7.7 YOUR RIGHTS – PROCESSING OF YOUR PERSONAL INFORMATION FOR A SPECIFIC PURPOSE
We will process and use your Personal Information (PI) only for the specific purpose it was collected for and we will not sell, distribute or lease your Personal Information (PI) (collected via our Website Form or Cookies) to Third Parties unless we have your permission or are required by any applicable law, subpoena, order of court or legal process served on us or to protect and defend our rights or property.
7.8 YOUR RIGHTS – DISCLOSURE OF YOUR PERSONAL INFORMATION (PI)

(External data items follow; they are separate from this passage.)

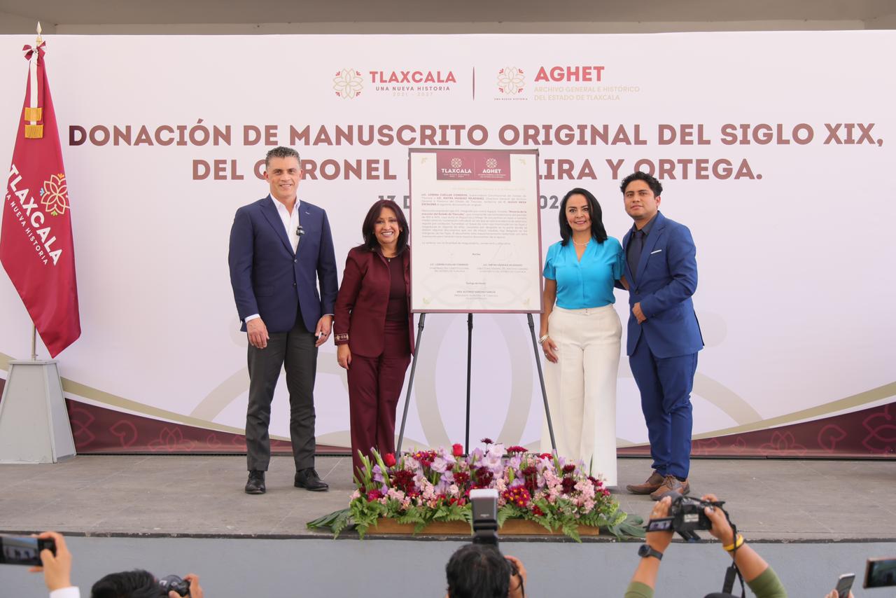 El Gobierno del Estado de Tlaxcala recibió en donación el manuscrito original del siglo XIX del coronel Miguel Lira y Ortega, documento de alto valor histórico que pasa a resguardo del Archivo General e Histórico del Estado. El acto fue encabezado por la gobernadora Lorena Cuéllar Cisneros, quien reconoció el gesto del donante como una contribución invaluable a la memoria colectiva de la entidad.
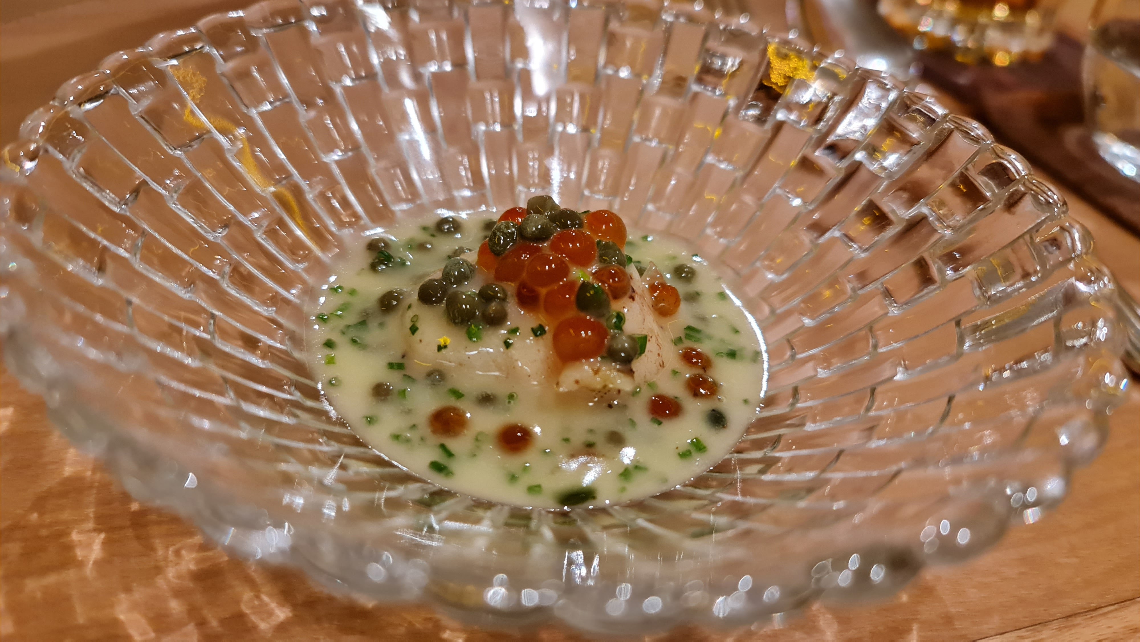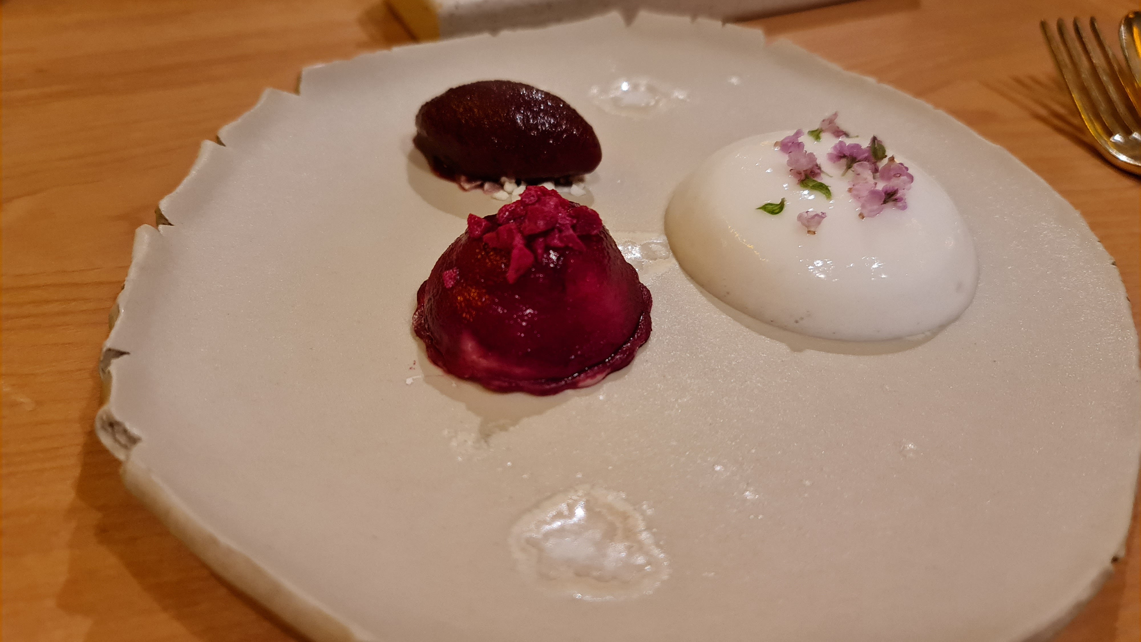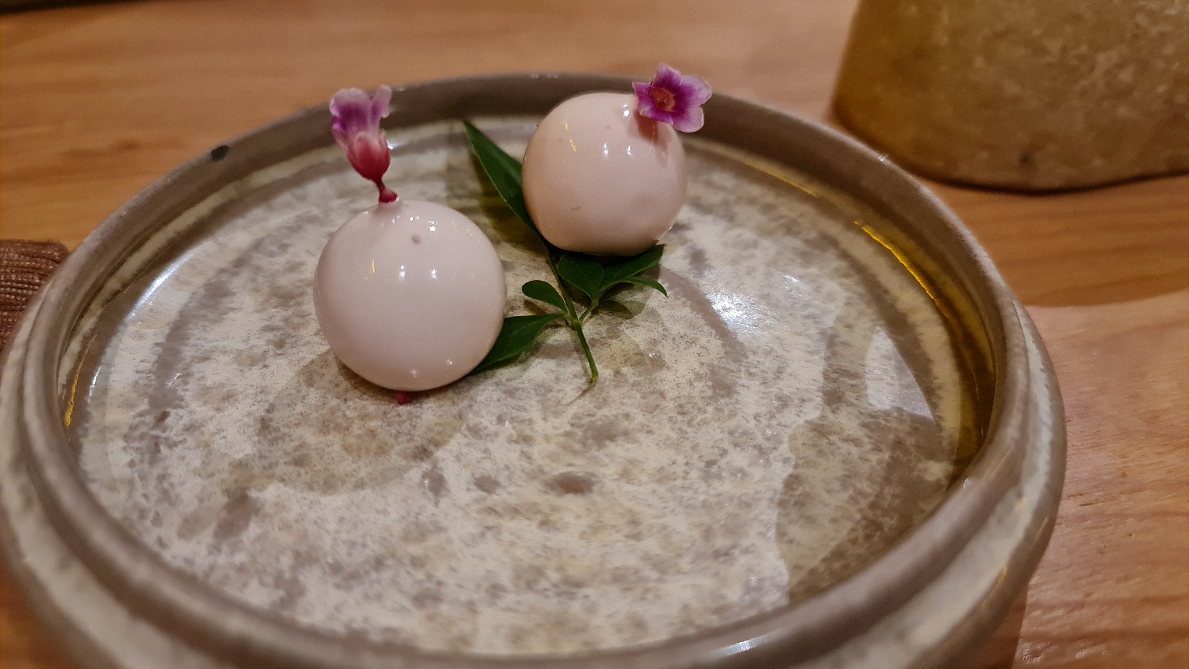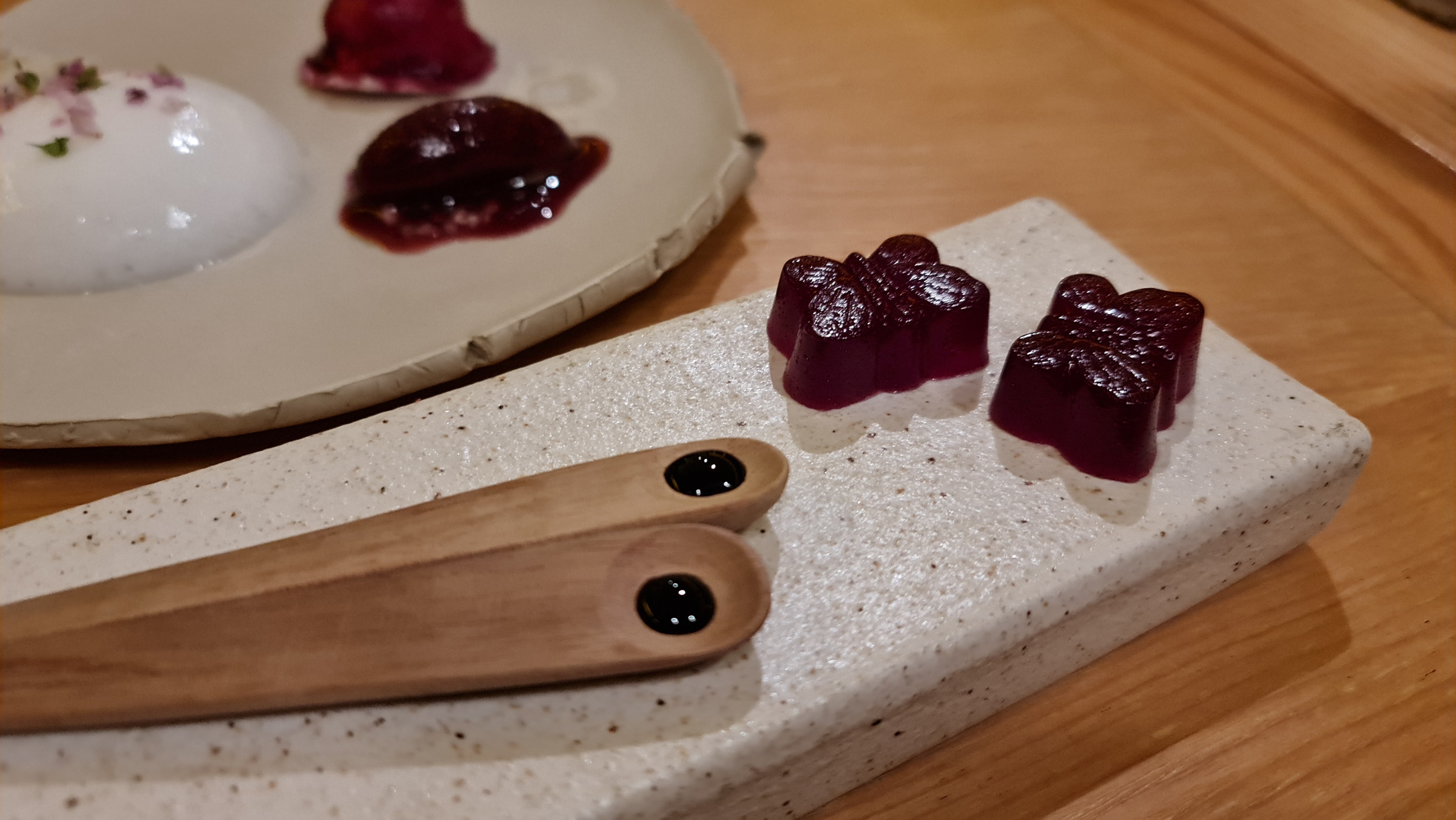 The other dish that left an impression on me was this 100-year-old balsamic vinegar served with cherry gummies. The Giusti Balsamic Vinegar of Modena collection is the result of skills and experience handed down over four centuries by the Giusti family since 1605. The oldest balsamic vinegar brand in Italy, Giusti 100 is the most exclusive in the Giusti’s Reserve, extracted every year in limited quantities from the oldest casks. Retailing at 100 ml at Euro 580, it is extremely difficult to get a bottle of this vinegar. Enjoying just 2 drops of the vinegar with the gummy, you can taste the deep fermentation of the vinegar flavours elevating the sweet and sour notes of the gummy taking this dish to a totally different level. This was also the 2nd time the Chef came to our table to talk about the heritage of the vinegar
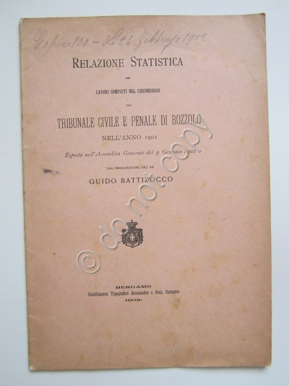 Relazione Statistica del Tribunale Civile e Penale di Bozzolo 1902 Battizocco | Libri antichi e moderni |
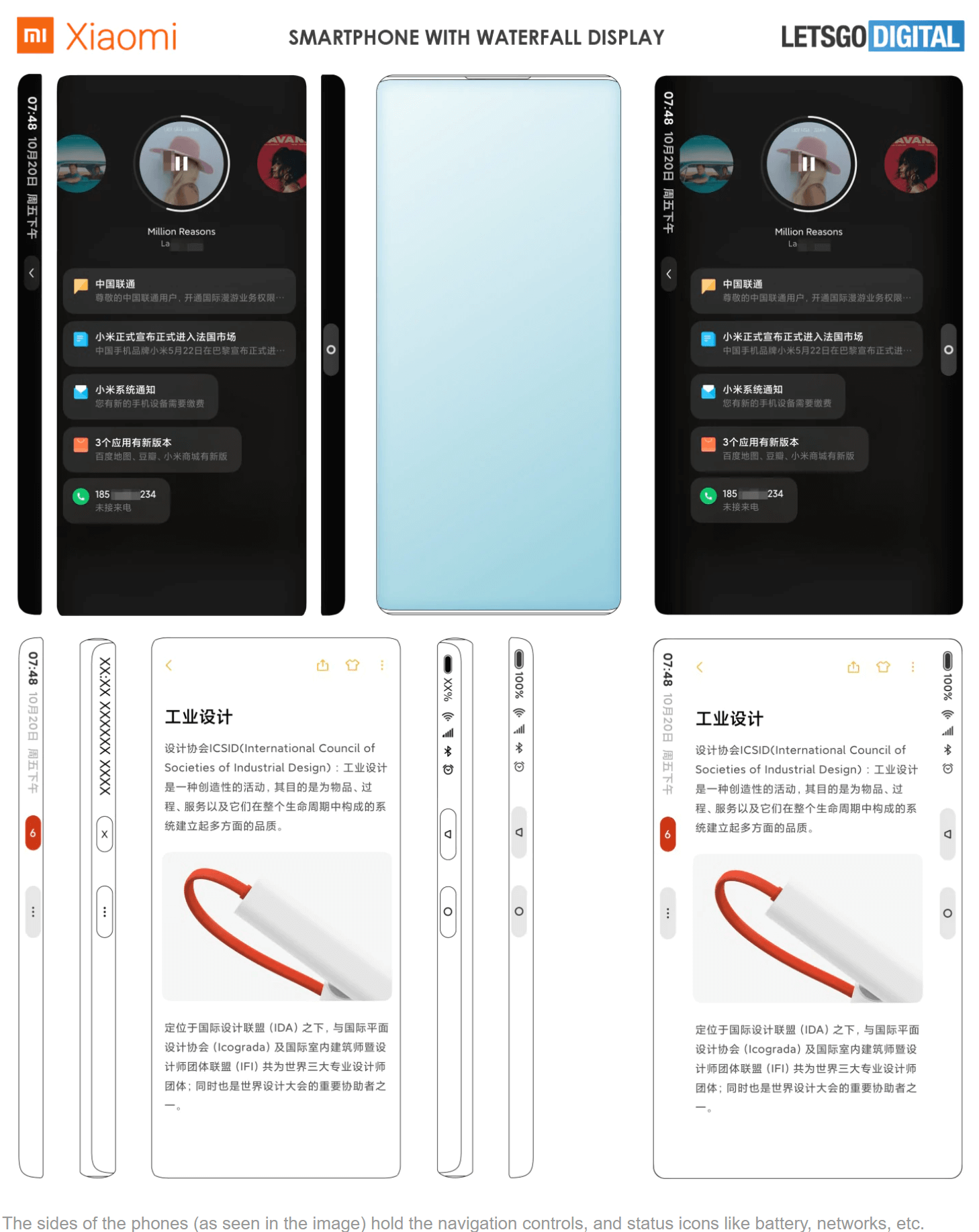 侧边屏显示哪些信息会好一些呢?小米的概念设计里针对侧边的显示做了一些视觉上的尝试,比如把信号栏直接移到侧边,让正面屏幕更为沉浸在某一个应用中。但尴尬的情况在于,以前手机一亮屏用户就知道还有多少电量或者时间,现在恐怕要把手机侧过来才能看到了。
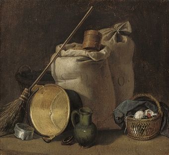 | Sacks of grain, a broom, an up-turned pot, a jug and a basket of yarn | |
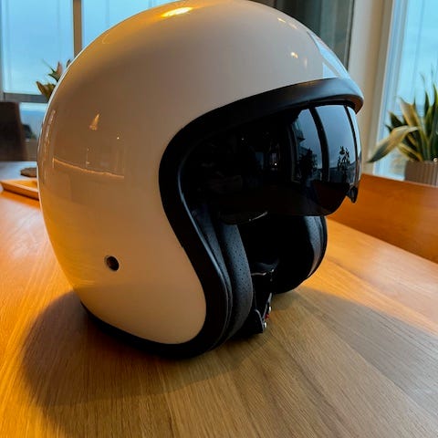 Nolan N20 öppet mc-hjälm i storlek XS. Hjälmen är vit med klart visir som kan fällas upp. Invändigt har den vadderad och ventilerad inredning samt justerbart hakband med snabbspänne. Passar för motorcykel eller mopedkörning 550:-
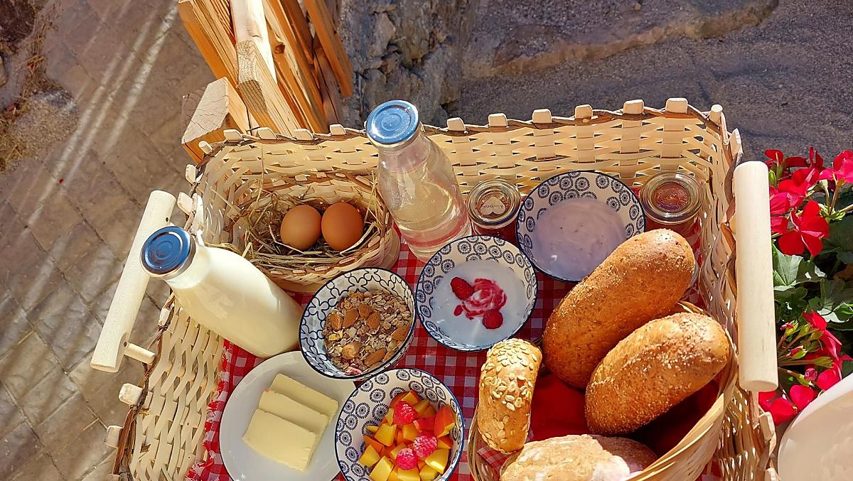 - Hofeigene Produkte beim Frühstück: Milch, Eier, Fruchtaufstriche, Sirup, Kräutertee, Kräutergewürze, Frisches Obst je nach Saison

We may share the Personal Information (PI) collected via our website with:
- our employees, and/or business partners that require the information to fulfil their work duties;
- our suppliers and/or vendors that require the information to assist with your order fulfilment;
- law enforcement (if required to do so);
- our business partners and other third parties who are involved in the delivery of products or services to you, on a basis of informed consent only.
8. Policy Activation
|Activation||iTRINITY Consulting hereby declares this policy and all the actions stipulated as part of Business-as-Usual practices.|
What are Cookies?
The term “cookies” refer to cookies and other similar technologies covered by the POPI Act on privacy in electronic communications. A web cookie is a small file which asks permission to be placed on a user’s computer hard drive. Cookies help the user’s browser navigate a website and the cookies themselves cannot collect any information stored on the user’s computer or files. When a server uses a web browser to read cookies, they can help a website deliver a more user-friendly service.
Once the user agrees, the file is added, and the cookie helps to analyse web traffic or lets the user know when he/she visits a particular site. Cookies allow web applications to respond to users as an individual. The web application can tailor its operations to individual user needs, likes and dislikes by gathering and remembering information about user preferences – thus creating a type of user profile.
Traffic log cookies are used to identify which pages are being used and cookies are used to learn more about the way users interact with website content and help to improve user experience when visiting websites by compiling statistical data.
A cookie in no way gives us access to a user’s computer or any information about him/her, other than the data the user chooses to share.
Users can choose to accept or decline cookies.
Most web browsers automatically accept cookies, but users can usually modify their browser settings to decline cookies if you prefer. The downside is that it can prevent users to take full advantage of Websites’ functionality.